One mom, whose children are already working with the group, says she sees a difference at home.
Brenda Newsome’s 15-year-old son, Sincere, is in The Safety Unit with his 12-year-old brother.
“Unknowingly, my 12-year-old was the one with the behavioral problem; he needed to be in the program,” Newsome said.
She wants them to be prepared for anything in life. What scares her is the gun violence in Cleveland.
“It’s real scary because you never know a stray bullet, intentional bullet, just kids wanting to jump somebody,” Newsome said.
Just days ago, a boy the same age as Sincere was critically wounded in a shooting while riding in a stolen KIA.
Something Kareem Smith knows about firsthand after experiencing gun violence himself.
“It hurt my heart, me being a victim of gun violence twice, right?” Smith said.
Earlier this month, News 5 Investigators looked inside The Safety Unit’s summer boot camp in Cleveland's Mt. Pleasant neighborhood.
Smith, the lead coordinator, says some had family members in a gas station shootout just days earlier.
"They all seen what’s happening in their community that shootout that happened at the gas station, and a lot of them was traumatized by that,” Smith said on Aug. 6.
On this day, we met back up with Smith in the Central neighborhood, where the group’s focus will be on East Tech High School.
“We’re not teachers but we’re also not law enforcement we are the uncles brothers and fathers of the community,” Smith said.
The Safety Unit is a violence prevention and intervention program that works with teen boys. It’s one of 14 organizations and programs awarded $1 million in grant money this year through the Cleveland Neighborhood Safety Fund.
The fund was established in 2023 by the city, city council and the Cleveland Foundation.
According to the Cleveland Foundation, The Safety Unit received a $130,000 grant.
The Safety Unit works closely now with several CMSD schools.

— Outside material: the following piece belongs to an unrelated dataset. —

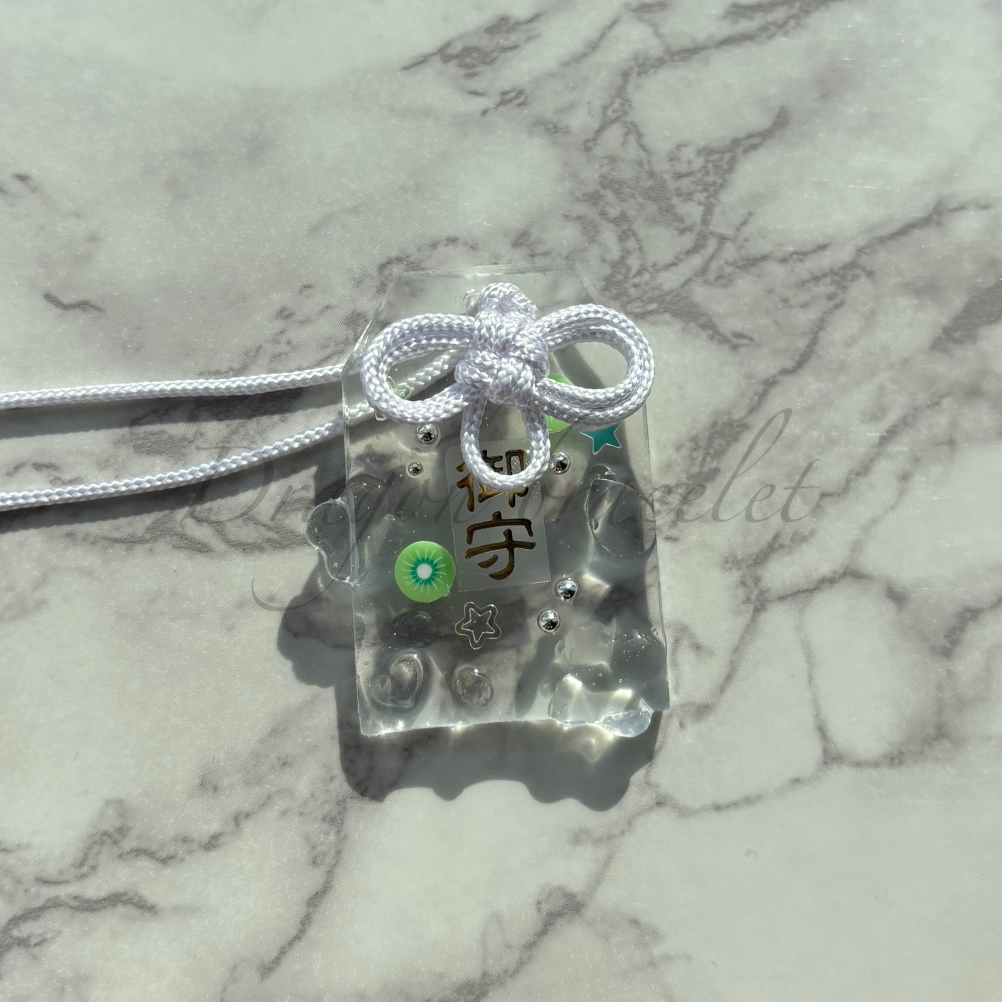 「御守」の文字と小さなモチーフを閉じ込めた

“It’s very exciting to expand to the Central neighborhood,” Smith said.
Smith says they’ll help students get safely to and from school and resolve differences that may spill outside the walls.
“The problem at the schools most of the time is not the students, it's what happens between the students that gets carried on outside of the school,” Smith said.
They’ll track students at home, too, and build a rapport with parents.
“To find out what the children need because we know a lot of the kids are carrying a trauma from home,” Smith said.
Newsome sees this as a boys-to-men program that teaches responsibility.
“It gave them something to do and something to look forward to also,” Newsome said.
And she says she’s seeing a difference in her kids.
“They’re doing better at home. They come in and take the trash out. I don't got to say nothing. They come do their chores, come sit down, do their homework. 'Ma, You need anything?” Newsome said.
Smith says he grew up in foster care and has been in the juvenile detention system.
He shares his story with the kids to show how there are consequences for your actions and to be accountable.
News 5 Investigators plan to follow through with them throughout the year to see how the program works.
The Cleveland Foundation says for the 2024 round of grantmaking, the Neighborhood Safety Fund committee utilized data including recent violent crime trends, as evidenced by health indicators and local police data over the past three or more years, to prioritize proposals with services located in the Buckeye-Woodland, Central, Kinsman/Union Miles, Mt. Pleasant, and St. Clair-Superior neighborhoods.